Lesetipp: Synchronicity

Von Sharon Dodua Otoo
Erschienen 01.08.2014 bei edition assemblage
Genre: Afrofuturismus
ISBN: 978-3-942-88574-4

Auf der Schwarzen britischen Autorin Sharon Dodua Otoo ruhen derzeit die Augen der deutschen Literaturszene: Sie lebt in Berlin, schreibt auf Englisch und Deutsch und erhielt 2016 den Ingeborg-Bachmann-Preis. Ihre beiden Novellen „the things i am thinking while smiling politely“ und „Synchronicity“ erschienen zunächst auf Englisch bei der edition assemblage und sind auf Deutsch unter anderem als Sammelband bei Fischer erhältlich.

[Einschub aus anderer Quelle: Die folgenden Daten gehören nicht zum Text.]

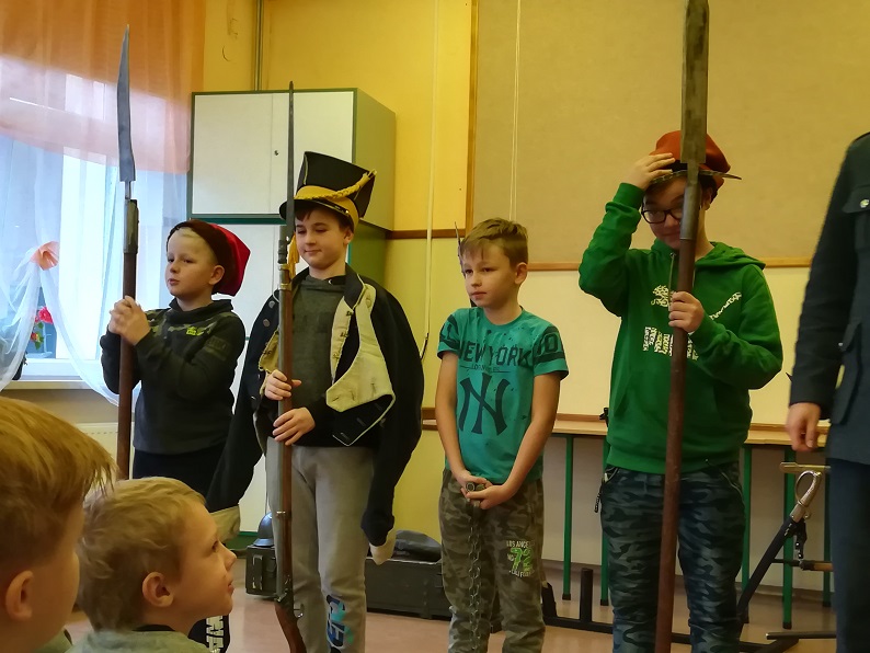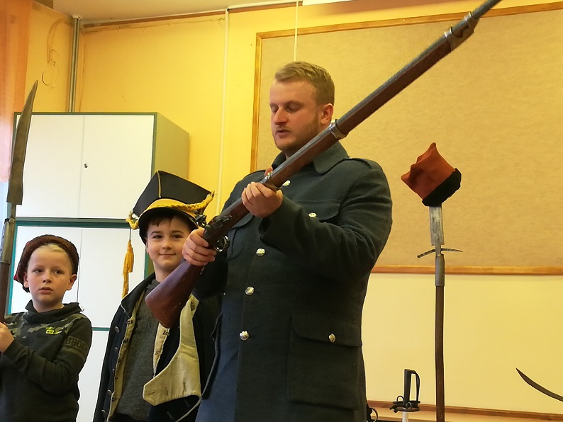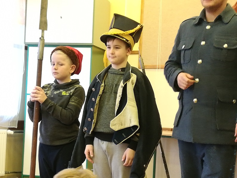 21 listopada 2018 r. gościliśmy w naszej szkole Grupę Artystyczną „Rekonstrukto” z pokazem historycznym „Ku Niepodległej”. Ta żywa lekcja historii poświęcona była tematyce narodowowyzwoleńczej.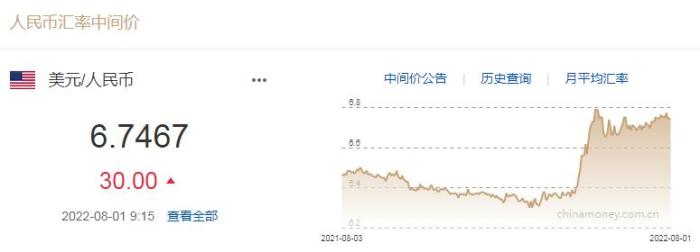 8月1日人民幣對(duì)美元中間價(jià)報(bào)6.7467元 下調(diào)30個(gè)基點(diǎn)

Otoo selbst bezeichnet „Synchronicity“ als Afrofuturismus: Die Grafikdesignerin Cee verliert in der Adventszeit, in einem grauen Winter in Berlin, nach und nach die Wahrnehmung von Farben. Von ihrer Mutter weiß sie, dass dies passieren würde, denn ihre Ahnenlinie besteht aus Frauen, die in der Isolation leben, irgendwann ohne Beteiligung einer zweiten Person eine Tochter gebären und schlussendlich ihre Farbwahrnehmung verlieren. Doch das ist nicht das Ende der Geschichte: Cee weiß bereits, dass ihre Farben durch einen Polysinn ersetzt werden, eine Art psychosomatische Ganzkörperfarbwahrnehmung. Als Grafikdesignerin versucht sie, sich mit HTML-Farbcodes über Wasser zu halten, während ihr ihre Farben entgleiten. Besonders der Verlust der Wahrnehmung ihrer Hautfarbe schmerzt, doch als ihr Polysinn ihr nach und nach jede Farbe ersetzt, eröffnet sich Cee eine ganz neue Welt.

Die Künstlerin Sita Ngoumou hat mit dem Text harmonierende, nachdenkliche Illustrationen zu „Synchronicity“ beigetragen. „Synchronicity“ schreckt nicht davor zurück, die im deutschsprachigen Raum so seltene Brücke zwischen der sogenannten „E-Literatur“ und der Phantastik zu schlagen. Es gelingt ihr mühelos, der phantastische Unterbau entfaltet sich auch in der Kürze und lässt Lesende mit dem Wunsch zurück, dass die Literaturszene durchlässiger werden möge.

Sharon Dodua Otoo hat eine Rede zu den Literaturtagen 2020 in Klagenfurt gehalten, die großartig von Vielfalt und Veränderlichkeit in Sprache und Literatur spricht und dabei gängige Vorurteile à la „Political Correctness/Gendern/das Benutzen von Eigenbezeichnungen zerstört die Kunstfreiheit!“ als das entlarvt, was sie sind. Es gibt die nachdrückliche, entschlossene Rede mit dem Titel „Dürfen Schwarze Blumen malen?“ u. a. auf YouTube.

Diese Rezension erschien zuerst in Ausgabe 2 von Queer*Welten.